The Broncos called Mile High Stadium home from their beginning in the AFL in 1960 until 2000. The Bears, who changed their name to the Zephyrs in 1985, continued to play in the stadium until 1992 when the franchise was moved to New Orleans. The move was precipitated by the awarding of a Major League Baseball franchise to the city of Denver, and in 1993 the Colorado Rockies season opened in Mile High. The team played the 1993 and strike-shortened 1994 seasons in Mile High setting MLB attendance records while Coors Field was being constructed in downtown Denver.
In addition to the Broncos, Bears/Zephyrs, and Rockies, Mile High Stadium was home to several other professional teams during the course of its history. The Denver Gold of the United States Football League called Mile High home from 1983 to 1985, and the stadium played host to the inaugural USFL championship game on July 17, 1983. Two professional soccer teams also played at Mile High. The first was the Denver Dynamos of the North American Soccer League, who were founded in 1974 and played their first two seasons in Denver before moving to Bloomington, Minnesota and becoming the Minnesota Kicks. Denver was home to one of Major League Soccer's 10 charter franchises as the Colorado Rapids were formed and played in Mile High from 1996 until 2001, making them the last franchise to play in Mile High Stadium prior to its closure.
After the Rapids' 2001 season, Mile High Stadium was closed and in 2002 the stadium was demolished.
Mile High Stadium was originally built as Bears Stadium for minor league baseball by Bob Howsam in 1948 at the site of a former landfill. The stadium initially consisted of a single 18,000-seat grandstand stretching along the north side from the left field foul pole to the right field foul pole on the west side. Luther "Bud" Phillips hit the first official home run out of Bears Stadium. In its first full season in 1949, the Bears averaged over 6,600 per game to lead the minor leagues in attendance.
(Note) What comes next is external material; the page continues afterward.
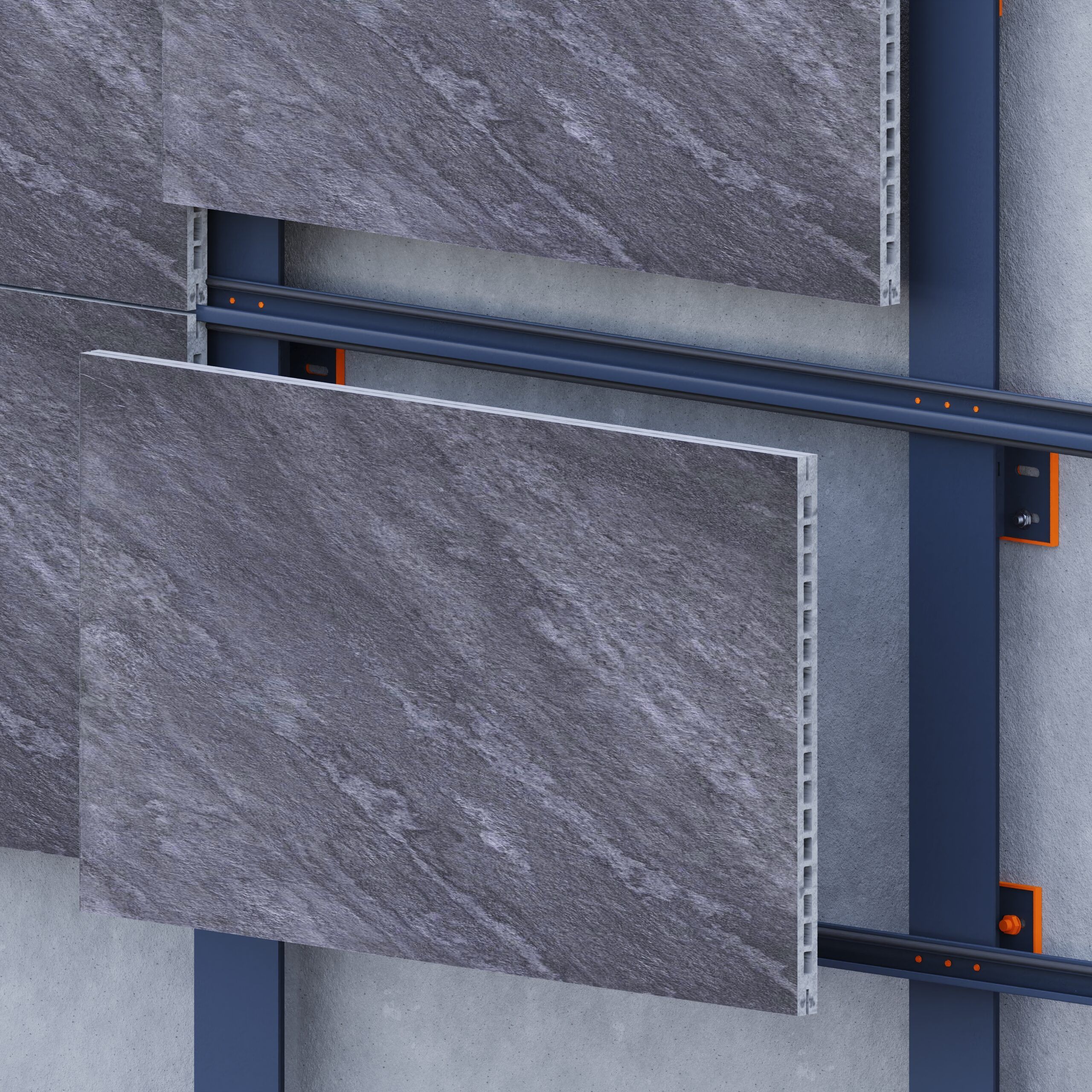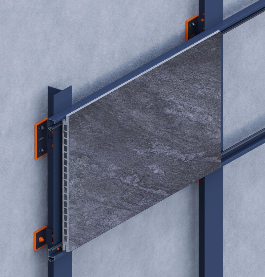 This concealed mechanical system is designed for 20 mm extruded porcelain tiles with factory-formed edge grooves. Tiles are secured via continuous horizontal aluminum profiles and a rear EPDM strip, which cushions against vibrations and allows for system flexibility.Ideal for horizontal tile installations, the system delivers a clean, fastener-free finish with precise alignment. As a dry mechanical method, it eliminates the need for adhesives, reducing environmental impact. Engineered for wind resistance, thermal expansion, and structural stress, it ensures long-term performance and joint stability.

In the late 1950s, there was an attempt to form a third major league, the Continental League, helmed by former Dodger general manager Branch Rickey. Howsam, who had worked with Rickey years before with the St. Louis Cardinals, joined ranks with Rickey, pleading for a major league team in Denver. Advised that to get a major league franchise Denver would need a much larger ballpark, Bears Stadium would begin the first of its many expansions. Over 8,000 seats were added to the south stands, bringing stadium capacity to 23,100.
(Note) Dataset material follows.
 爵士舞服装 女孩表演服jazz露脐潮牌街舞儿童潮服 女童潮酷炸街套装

Major League Baseball's (MLB) answer to the Continental League was to expand its two Leagues, which would eventually lead to the folding of the Continental League. Although Denver was not awarded a franchise, MLB promised teams in the future for Denver and other cities. Howsam was now trapped with a massive debt load and a stadium far too big for a minor-league team. Frantically searching for a solution, he concluded the only way out was to extend the stadium's season with football.
Howsam's ownership in the AFL was short-lived, as overwhelming debt forced Howsam to sell all his sports interests in 1961. His dream of major league baseball in Denver would be placed on hold for another 30 years.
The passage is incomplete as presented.